WORK ITEM:
Would you retype the listing below word for word, without any of its pictures?

RECORDED INFORMATION:
Segment Open

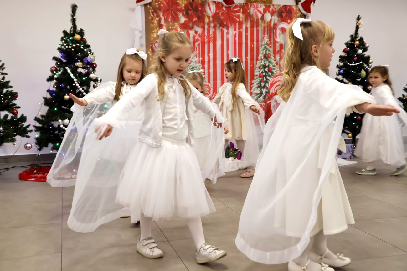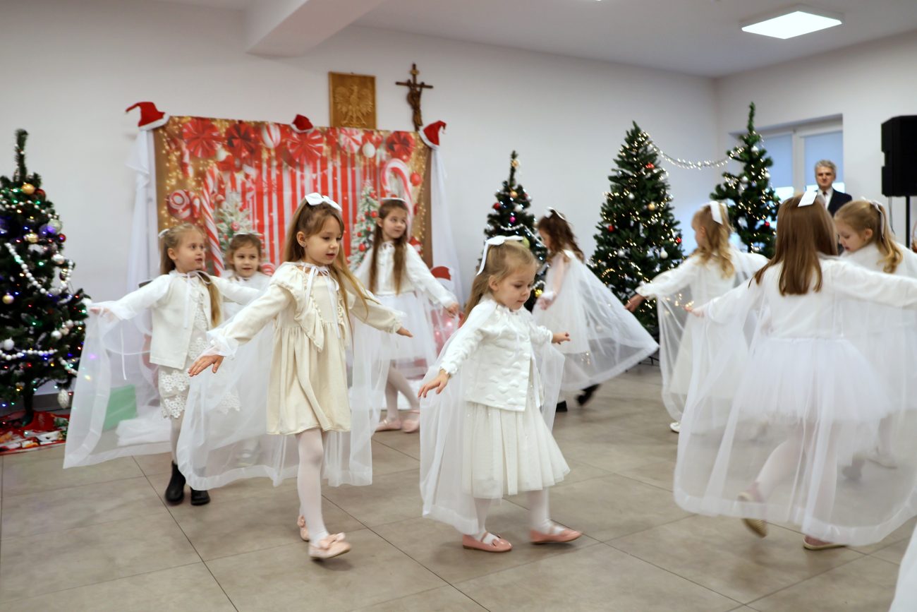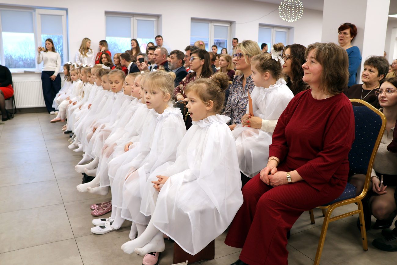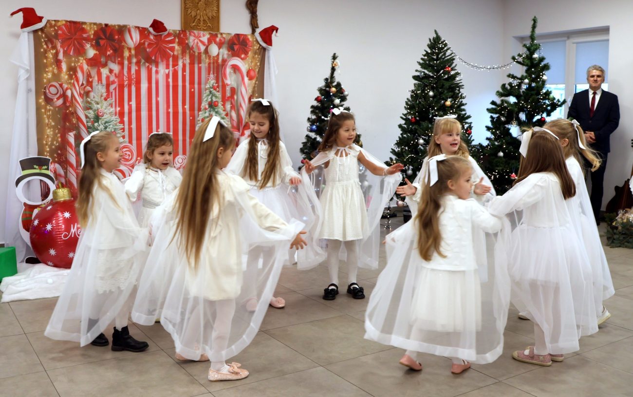 Część artystyczna rozpoczęła się od występu pt. „Taniec Aniołków”, w którym zaprezentowały się dziewczynki z grupy przedszkolnej 4-6-latków, przygotowane pod kierunkiem Moniki Besaraby i Ewy Dekiert. Następnie wystąpił szkolny zespół ludowy Koralinki, nad którym opiekę sprawuję Agnieszka Panasiuk. Kolejny punkt programu stanowił występ grupy 5-6-latków. Dzieci przygotowane przez Ewę Karpowicz i Agnieszkę Garbatiuk wykonały taniec „Kołysanka dla Jezuska”. Odbył się również koncert scholi i chóru z parafii pw. św. Apostołów Piotra i Pawła w Łomazach, prezentujących piękne kolędy pod kierunkiem Pawła Tokarskiego.
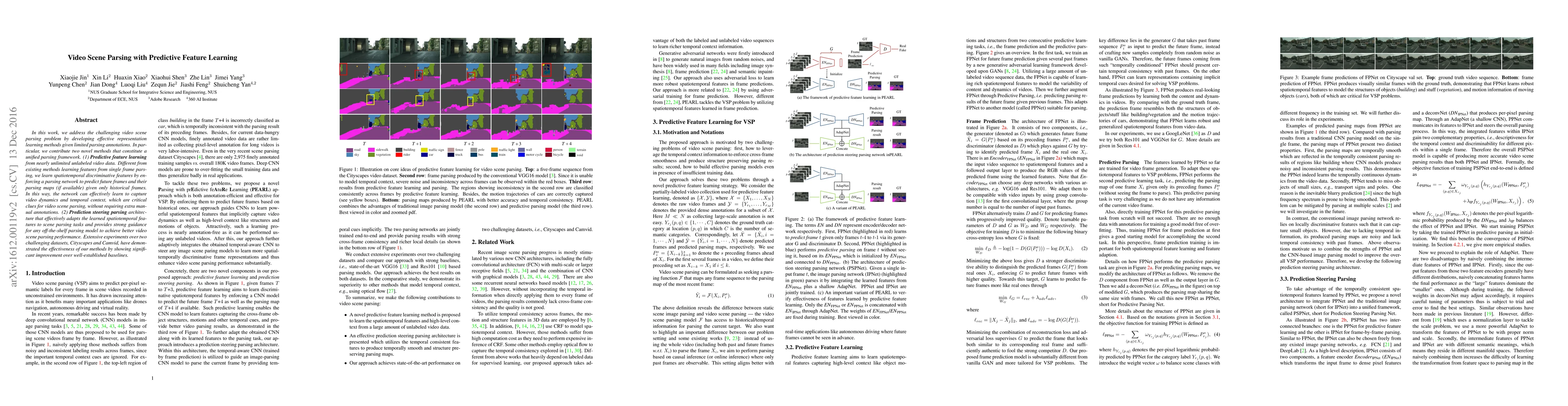 This paper presents two innovative methods for video scene parsing: predictive feature learning from unlabeled video data and prediction steering parsing architecture. The methods leverage spatiotemporal context and temporal dynamics without extra annotations, showing significant improvements over baselines on Cityscapes and Camvid datasets.
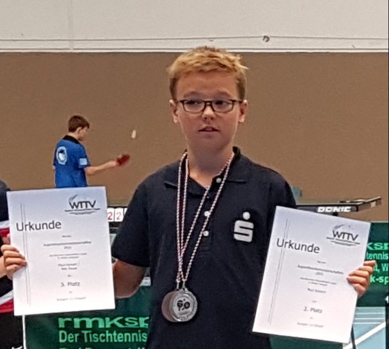 Bei den diesjährigen Tischtennis Jugend-Bezirksmeisterschaften in Brakel konnte sich Paul Kickert (VfL Oldentrup) eine Silbermedaille im Einzel der Jungen 11 sichern. Im Doppel holte er zusammen mit seinem Partner Nils Faust (TTC Enger) eine Bronzemedaille.

Segment Closed

SOLUTION FOR THIS PROBLEM:
 Część artystyczna rozpoczęła się od występu pt. „Taniec Aniołków”, w którym zaprezentowały się dziewczynki z grupy przedszkolnej 4-6-latków, przygotowane pod kierunkiem Moniki Besaraby i Ewy Dekiert. Następnie wystąpił szkolny zespół ludowy Koralinki, nad którym opiekę sprawuję Agnieszka Panasiuk. Kolejny punkt programu stanowił występ grupy 5-6-latków. Dzieci przygotowane przez Ewę Karpowicz i Agnieszkę Garbatiuk wykonały taniec „Kołysanka dla Jezuska”. Odbył się również koncert scholi i chóru z parafii pw. św. Apostołów Piotra i Pawła w Łomazach, prezentujących piękne kolędy pod kierunkiem Pawła Tokarskiego.
 This paper presents two innovative methods for video scene parsing: predictive feature learning from unlabeled video data and prediction steering parsing architecture. The methods leverage spatiotemporal context and temporal dynamics without extra annotations, showing significant improvements over baselines on Cityscapes and Camvid datasets.
 Bei den diesjährigen Tischtennis Jugend-Bezirksmeisterschaften in Brakel konnte sich Paul Kickert (VfL Oldentrup) eine Silbermedaille im Einzel der Jungen 11 sichern. Im Doppel holte er zusammen mit seinem Partner Nils Faust (TTC Enger) eine Bronzemedaille.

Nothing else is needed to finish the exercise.